Friday, September 25, 2009

Chicago visit

The past 4 days or so I've been in Chicago visiting my best friend Danny from college. It's been amazing to see him. He's like a male me. We just fit even though we haven't seen each other in over a year...it's like we are still roommates.

I have some seriously amazing people in my life. EJ, Julia, Danny, and all of my loyal Facebook stalkers and blog readers. Thanks for supporting me.

Thursday, September 17, 2009

Lately

For the first time in 10+ years, when I see myself in the mirror, I don't sigh.

Monday, September 14, 2009

Scale time!

I just weighed myself: 83lbs lost from the time of surgery, 95lbs lost from the time of the diet preceding the surgery (2 week long diet). so almost 100lbs if you go from my highest weight in March.

i feel good about it and myself. my body is getting smaller and i can feel myself fit into things better. when EJ touches me certain parts of my body (even places you wouldn't think of, like my neck) fit in his hands better. the little things like that are really noticeable to me moreso than the big. i feel my ribs and collarbones now, it's been a long time.

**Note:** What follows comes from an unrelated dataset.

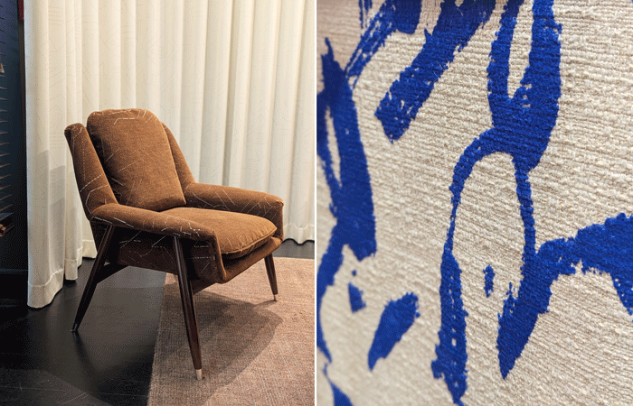 - Ichi-Go Ichi-E – Not only does this design have a wonderful name, but its textured weave is enhanced by a vibrant Yves Klein blue flocked surface pattern. Fascinatingly, the designers chose to reinterpret the same design through a metallic jacquard weave in their new Akhlat fabric, creating two distinct material expressions of the same concept.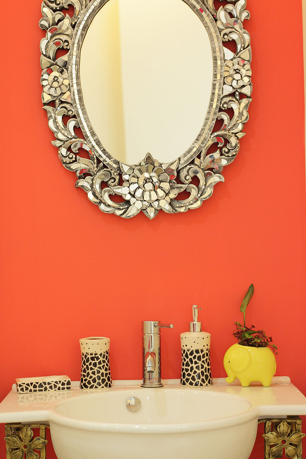 主體顏色裝潢為紅白對比配色,呈現大方活力的藝術設計,

i'm doing great on the diet -- not pushing the food, not cheating, etc. i'm allowing myself to slightly indulge. (ex: we went to a block party and i had a teeny tiny bite of a ginger cookie -- it was yum and i was fine). i haven't been sick in almost two weeks, and last time was accidental. we went to a sushi place, i ordered chicken and lettuce wraps, and there were hidden noodles in there. not fun, but lesson learned.

my back pain is now chronic. it's unbearable. i went to the Hope Spine and Rehab clinic last week for injections...i didn't even ask what they were, i just told her to do it. everywhere. anywhere. anything. my main doctor has me prescribed on vicodin and ultram. my mom was addicted to narcotics for my entire childhood so it scares me. i need to be careful. i am having EJ hold them but i need to find a natural solution. hot baths help and the shots help for a few days. i'm also doing accupuncture when i get my next paycheck. i cannot become addicted. i will not, after all i've been through. i called the doctor this morning, they gave me "Ultram" which is non-narcotic pain relief. it's been almost a week without taking a Vicodin and it's bad. i was up all night in the bath, the pain is unbearable...

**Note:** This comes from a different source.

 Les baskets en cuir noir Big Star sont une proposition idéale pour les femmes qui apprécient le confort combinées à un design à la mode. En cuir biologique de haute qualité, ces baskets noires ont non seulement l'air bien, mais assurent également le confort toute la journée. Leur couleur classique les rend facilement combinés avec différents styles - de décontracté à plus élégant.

but if anyone asks me if it's worth it, i would still say yes. my self-esteem is better, i look better, i have 2 skirts, i've lost a ton of weight...the spine doctor thinks it's the weight loss that's fucking up my back. my bones/muscles/body is shifting so rapidly my back can't keep up. it makes sense but it doesn't help the pain any. it fucking hurts.

other cons..my hair is falling out pretty bad. i started taking natural Biotin vitamin (100mg/day) to help protein/hair/nail growth at the suggestion of my bariatric nurse. we'll see if it helps...

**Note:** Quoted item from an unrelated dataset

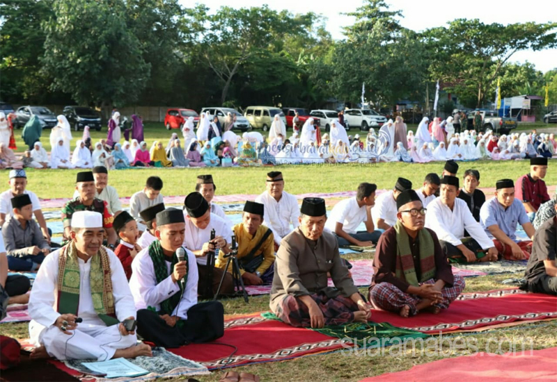 MahesaMediaCenter, Pesisir Barat – Bupati Pesisir Barat yang di Wakili Wakil Bupati Pesisir Barat A Zulqoini Syarif SH, Sholat Idul Adha 1443 H di Lapangan Labuhan jukung.Minggu (10/07/2022).

cross your fingers, please. i need it.

Saturday, September 12, 2009

First skirt ever

EJ bought me a beautiful embroidered skirt today.

It's the first time I've worn a skirt...since....ever.

=)


Wednesday, September 2, 2009

Meh

They weighed/measured me at the gym tonight. I've lost almost 3 inches in my arms from toning up, which is awesome, but only lost 2 lbs since I began going religiously a few weeks ago...

I wonder if this is my first real plateau, or if I'm just gaining muscle which weighs more.

Meh. How is this even possible with how little I eat and how much I puke?